Extracted entries section start
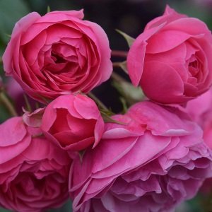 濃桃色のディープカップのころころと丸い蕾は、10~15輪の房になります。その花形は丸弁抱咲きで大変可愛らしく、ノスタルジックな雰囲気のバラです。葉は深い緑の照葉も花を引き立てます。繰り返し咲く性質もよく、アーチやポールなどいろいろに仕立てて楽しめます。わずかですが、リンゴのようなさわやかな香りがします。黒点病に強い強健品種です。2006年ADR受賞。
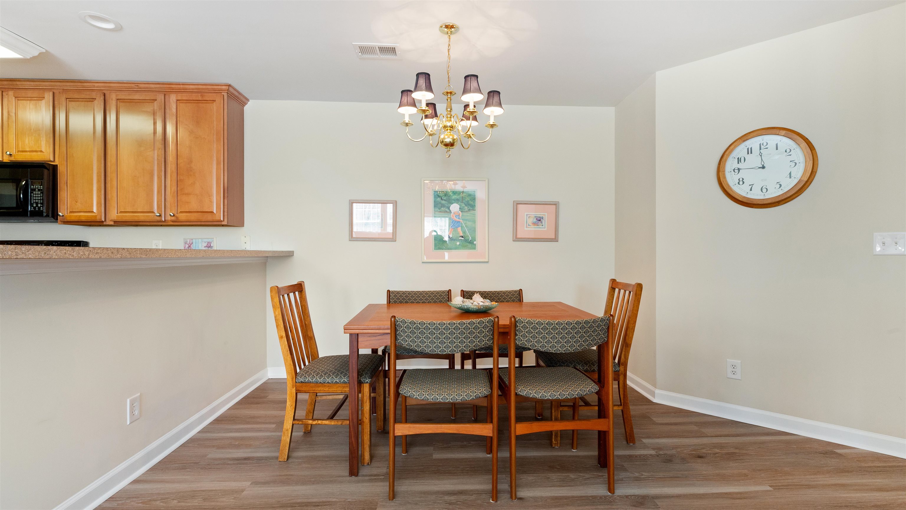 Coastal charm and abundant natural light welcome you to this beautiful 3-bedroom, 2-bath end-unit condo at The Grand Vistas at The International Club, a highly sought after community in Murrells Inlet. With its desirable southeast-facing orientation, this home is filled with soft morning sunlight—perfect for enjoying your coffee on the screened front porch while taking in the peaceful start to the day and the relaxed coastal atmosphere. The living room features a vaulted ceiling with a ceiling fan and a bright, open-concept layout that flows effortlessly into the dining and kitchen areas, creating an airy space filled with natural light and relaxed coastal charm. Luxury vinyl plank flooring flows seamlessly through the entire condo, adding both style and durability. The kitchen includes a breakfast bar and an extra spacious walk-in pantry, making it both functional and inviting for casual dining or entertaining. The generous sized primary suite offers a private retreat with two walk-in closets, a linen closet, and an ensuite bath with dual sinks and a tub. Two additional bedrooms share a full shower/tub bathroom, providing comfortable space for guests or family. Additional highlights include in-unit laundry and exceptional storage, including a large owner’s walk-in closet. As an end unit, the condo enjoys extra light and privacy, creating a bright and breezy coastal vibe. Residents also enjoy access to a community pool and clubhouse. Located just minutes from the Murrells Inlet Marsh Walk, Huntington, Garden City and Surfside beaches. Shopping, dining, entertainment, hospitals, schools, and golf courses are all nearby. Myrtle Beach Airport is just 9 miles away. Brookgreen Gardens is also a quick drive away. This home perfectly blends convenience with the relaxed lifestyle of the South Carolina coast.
Extracted entries section end
Extracted entries section start
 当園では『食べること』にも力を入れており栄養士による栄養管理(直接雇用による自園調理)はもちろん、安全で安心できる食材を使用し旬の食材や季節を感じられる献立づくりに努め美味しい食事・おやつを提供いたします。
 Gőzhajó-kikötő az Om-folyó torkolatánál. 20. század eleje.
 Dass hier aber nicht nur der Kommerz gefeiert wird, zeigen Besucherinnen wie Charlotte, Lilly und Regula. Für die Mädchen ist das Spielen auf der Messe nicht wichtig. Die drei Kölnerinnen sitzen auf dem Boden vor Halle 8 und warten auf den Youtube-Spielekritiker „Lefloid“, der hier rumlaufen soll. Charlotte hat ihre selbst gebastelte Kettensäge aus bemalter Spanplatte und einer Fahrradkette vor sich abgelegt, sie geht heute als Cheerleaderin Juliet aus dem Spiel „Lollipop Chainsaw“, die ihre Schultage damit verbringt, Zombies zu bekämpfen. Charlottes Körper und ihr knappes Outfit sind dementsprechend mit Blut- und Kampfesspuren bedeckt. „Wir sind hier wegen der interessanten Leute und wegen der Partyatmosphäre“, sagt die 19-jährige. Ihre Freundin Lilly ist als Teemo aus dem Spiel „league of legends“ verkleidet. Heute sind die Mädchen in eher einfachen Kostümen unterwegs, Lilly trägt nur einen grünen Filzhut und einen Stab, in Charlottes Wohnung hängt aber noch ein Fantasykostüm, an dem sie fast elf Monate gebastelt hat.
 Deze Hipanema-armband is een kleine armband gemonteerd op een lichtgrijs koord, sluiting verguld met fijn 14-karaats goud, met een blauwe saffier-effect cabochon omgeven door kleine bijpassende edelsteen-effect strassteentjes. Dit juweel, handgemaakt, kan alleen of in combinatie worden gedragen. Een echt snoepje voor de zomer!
Extracted entries section end
Each line in the listing above from the one containing "Dass hier aber" through the one containing "Deze Hipanema-armband is" should be repeated exactly, and no other line.

 Dass hier aber nicht nur der Kommerz gefeiert wird, zeigen Besucherinnen wie Charlotte, Lilly und Regula. Für die Mädchen ist das Spielen auf der Messe nicht wichtig. Die drei Kölnerinnen sitzen auf dem Boden vor Halle 8 und warten auf den Youtube-Spielekritiker „Lefloid“, der hier rumlaufen soll. Charlotte hat ihre selbst gebastelte Kettensäge aus bemalter Spanplatte und einer Fahrradkette vor sich abgelegt, sie geht heute als Cheerleaderin Juliet aus dem Spiel „Lollipop Chainsaw“, die ihre Schultage damit verbringt, Zombies zu bekämpfen. Charlottes Körper und ihr knappes Outfit sind dementsprechend mit Blut- und Kampfesspuren bedeckt. „Wir sind hier wegen der interessanten Leute und wegen der Partyatmosphäre“, sagt die 19-jährige. Ihre Freundin Lilly ist als Teemo aus dem Spiel „league of legends“ verkleidet. Heute sind die Mädchen in eher einfachen Kostümen unterwegs, Lilly trägt nur einen grünen Filzhut und einen Stab, in Charlottes Wohnung hängt aber noch ein Fantasykostüm, an dem sie fast elf Monate gebastelt hat.
 Deze Hipanema-armband is een kleine armband gemonteerd op een lichtgrijs koord, sluiting verguld met fijn 14-karaats goud, met een blauwe saffier-effect cabochon omgeven door kleine bijpassende edelsteen-effect strassteentjes. Dit juweel, handgemaakt, kan alleen of in combinatie worden gedragen. Een echt snoepje voor de zomer!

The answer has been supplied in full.